Of the 296,952 New Ordinary Shares issued in total to the d-wise vendors in connection with the Initial Earn Out Consideration and Deferred Consideration, 199,101 New Ordinary Shares will remain subject to lock-ins until 07 June 2022 and 164,972 New Ordinary Shares will remain subject to lock-ins until 20 March 2023. This means that, also taking into account Ordinary Shares that were issued at completion of the acquisition and that remain subject to lock-ins, a total of 781,214 Ordinary Shares will remain subject to lock-ins until 07 June 2022 and 647,294 Ordinary Shares will remain subject to lock-ins until 20 March 2023.
Total Voting Rights
Following the issue and allotment of the New Ordinary Shares, the Company's issued share capital comprises 22,676,808 Ordinary Shares. The Company does not hold any Ordinary Shares in treasury. Therefore the total number of voting rights in the Company is 22,676,808.
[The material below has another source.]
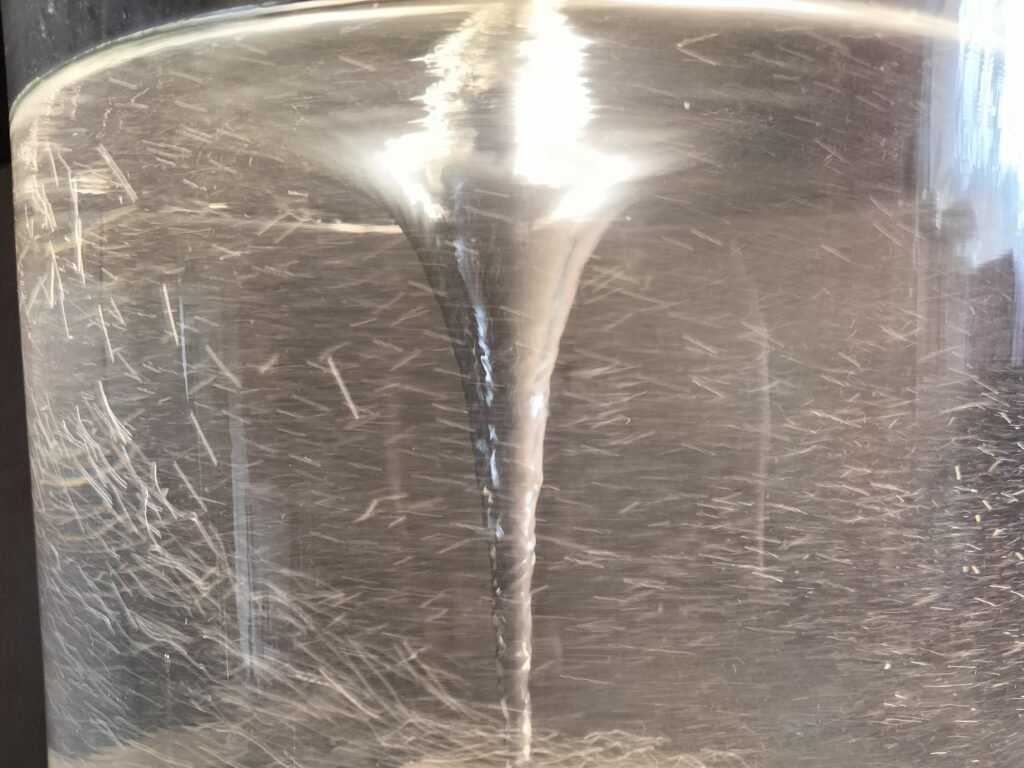 Lors de l’éjection dans la cuve, l’eau rejoint le mouvement de tourbillon, le vortex visible.

The figure of 22,676,808 may be used by shareholders as the denominator for the calculations by which they will determine if they are required to notify their interest in, or a change of their interest in, the Company under the FCA’s Disclosure and Transparency Rules.
For further information, please contact:
|Instem plc||Via Walbrook|
|Phil Reason, CEO|
|Nigel Goldsmith, CFO|
|Singer Capital Markets (Nominated Adviser & Broker)||+44 (0) 20 7496 3000|
|Joint Broker (Stifel Nicolaus Europe Limited)||+44 (0) 20 7710 7600|
|Wallbrook Financial PR||Tel: +44 (0) 20 7933 8780|
Instem is a leading provider of IT solutions & services to the life sciences market delivering compelling solutions for Study Management and Data Collection; Regulatory Solutions for Submissions and Compliance; and Informatics-based Insight Generation.
Instem solutions are in use by over 700 customers worldwide, including all the largest 25 pharmaceutical companies, enabling clients to bring life enhancing products to market faster. Instem's portfolio of software solutions increases client productivity by automating study-related processes while offering the unique ability to generate new knowledge through the extraction and harmonisation of actionable scientific information.
Instem products and services address aspects of the entire drug development value chain, from discovery through to market launch. Management estimate that over 50% of all drugs on the market have been through some part of Instem's platform at some stage of their development.